As vacation rentals have evolved to better cater to the market’s needs, so too has the concept itself, making investors find ways to capitalize on the newfound momentum. While people are searching to find more space—both inside and outside—more travel opportunities, and more inspiring remote work locations, short-term rentals have become an appealing and lucrative opportunity for investors to dive into headfirst.

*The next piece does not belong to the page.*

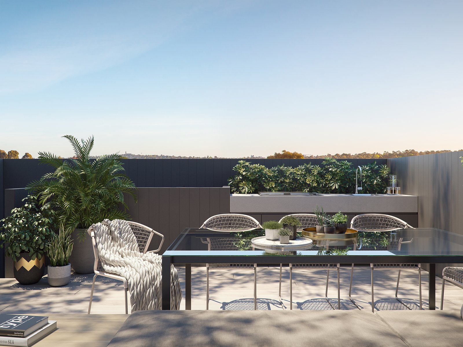 With architecturally designed spaces, Hotham & Carlisle offers the finest in interior and exterior design. Utilising the highest level of finishes, Neil Architecture brings to life high-end living in the heart of Balaclava. Unwind or entertain in complete luxury with living spaces that naturally flow together and create a sense of sophisticated harmony. Each private space is crafted for comfort and thoughtfully designed to allow natural light to seamlessly infuse through captivating oversized windows. Each bathroom is a sea of marble, with luxurious fixtures and fittings and a minimal design that creates an orderly and stylish space. Outdoor areas have been carefully designed to maximise direct sunlight opportunities throughout the day. Phillip Withers planters and gardens compliment each area to create an intimate outdoor sanctuary.

Lucrative as it might be, however, owning a vacation rental can be more work than might be expected because it’s not just about the one-time purchase (as is often the case with fix-and-hold, or long-term rentals, for example). Understanding the local market, projected revenue, property management, and general upkeep are all factors that can make or break a vacation rental property, and without those facts and figures in place, the investment can tailspin before even hitting the market. Here are a few key items to note if you are a beginner investor looking to enter the vacation rental market.
Make sure you do your market analysis
Real estate’s golden rule of location, location, location may be that much more important when investing in vacation rentals. Much depends on the property for it to become good passive income, and as such, that means you have to prioritize a property’s location to ensure you’ll make money off of it. While a house can be upgraded, repaired, changed, or even rebuilt, you cannot change its address.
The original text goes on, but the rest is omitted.